PAUL TAYLOR'S AMERICAN MODERN DANCE-RAINBOW 'ROUND MY SHOULDER, DILLY DILLY
March 28, 2016
Many peple never forget their first encounter with Rainbow ‘Round My Shoulder choreographed by Donald McKayle in 1959. Using traditional music from John and Allen Lomax’s archive (early collectors of under-recorded root music), McKayle speaks about the black male chain gangs that proliferated in the south during the days of Jim Crow.
Paul Taylor invited the Dayton Contemporary Dance Company (once an all black modern dance company founded by Jeraldyne Blunden who was invested in Black Dance heritage) to perform the almost all male piece. Physically demanding, the driving rhythms conjure the relentless hours of work breaking rocks under a brutal sun. With legs spread wide, heads drop as pounding feet shout the numbing mental and physical confines of life on a chain gang. Only when the sole woman, Alexis Britford emerges like a dream and shifts between lover, wife and mother can the men dream of an alternate existence. The hard working, bare-chested men included Devin Baker, Michael Green, Joshua L. Ishmon, Robert Pulido, Alvin Rangel, Quentin Apollo Vauhan Sledge and Demetrius Tabron. Uplifted by the voices of Destan Owens with Michael McElroy and the Broadway Inpsirational Voices plus Gary Seiger on guitar, in the future, it would be wonderful to see the brawny Taylor men tackle this dance classic.

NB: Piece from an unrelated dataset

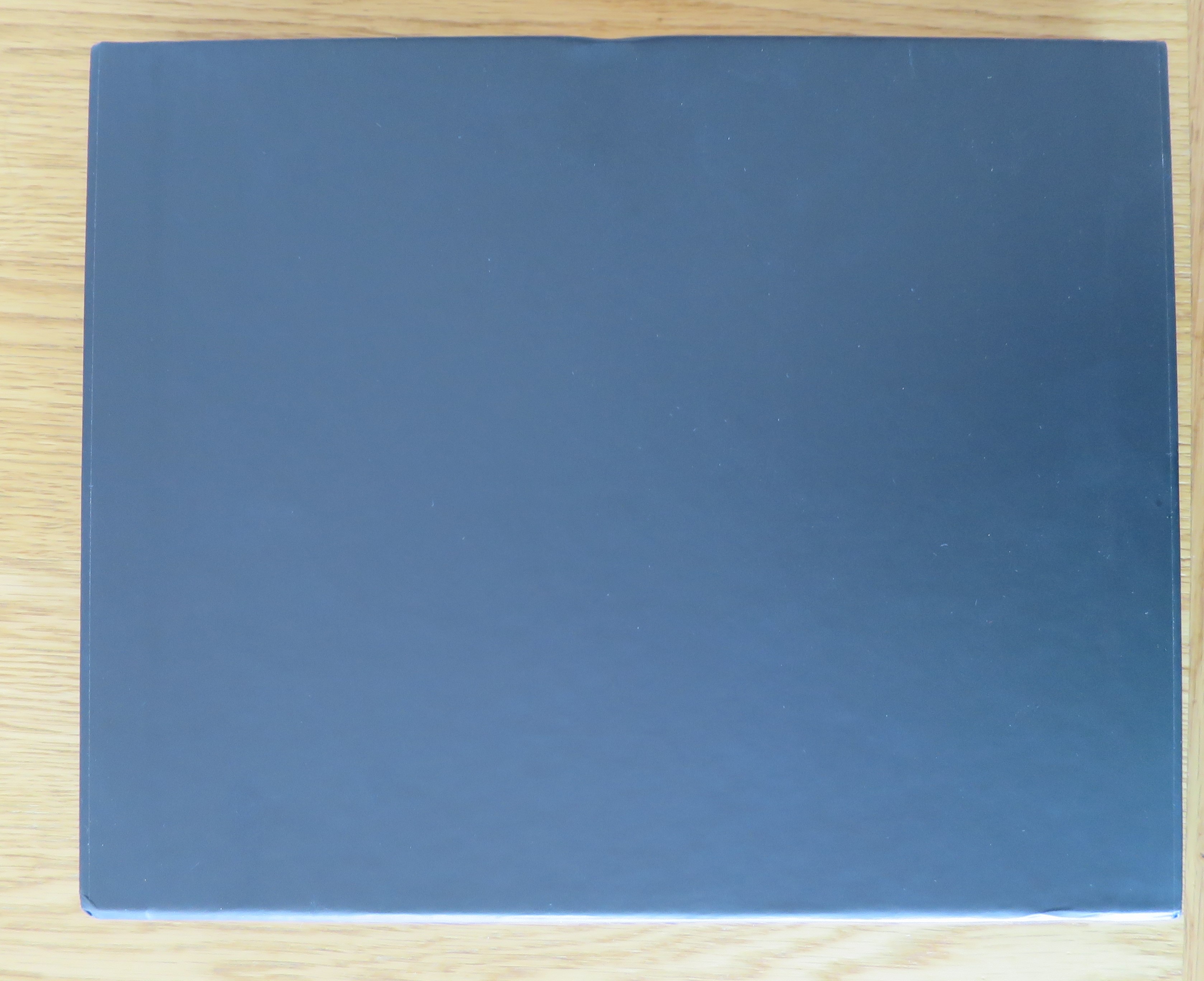 Black border colored hardcover book in sturdy black slipcase with gold leaf and UV Spot varnish
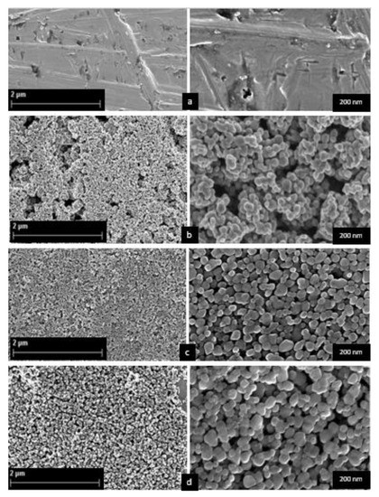 FESEM micrographs of the surface coated aluminum plate (a) uncoated; coated with TiO2 at (b) 0.1 M, (c) 0.5 M, and (d) 1.0 M.

Committed to creating two new works per year, Paul Taylor’s musically upbeat Dilly Dillysends dancers hopping, skipping and do si doing around the burly voiced, Burl Ives soundtrack. Dressed in Santo Loquasto designed cowboy attire—men in jeans, and cowboy hats; women in midriff - baring tied shirts and short shorts – the cast cavorts to an English folk song “Lavender Blue,” only to regroup into duets and trios. Despite Ives’ comforting voice, Dilly Dilly underscores the darker crevices of the folk song genre. Under sunny lights designed by James Ingalls, swooning lovers transform into predatory biters, murderers and all-around questionable characters.
The evening ends on Taylor’s festively sardonic “Offenback Overtures” pluckily conducted by Donald York.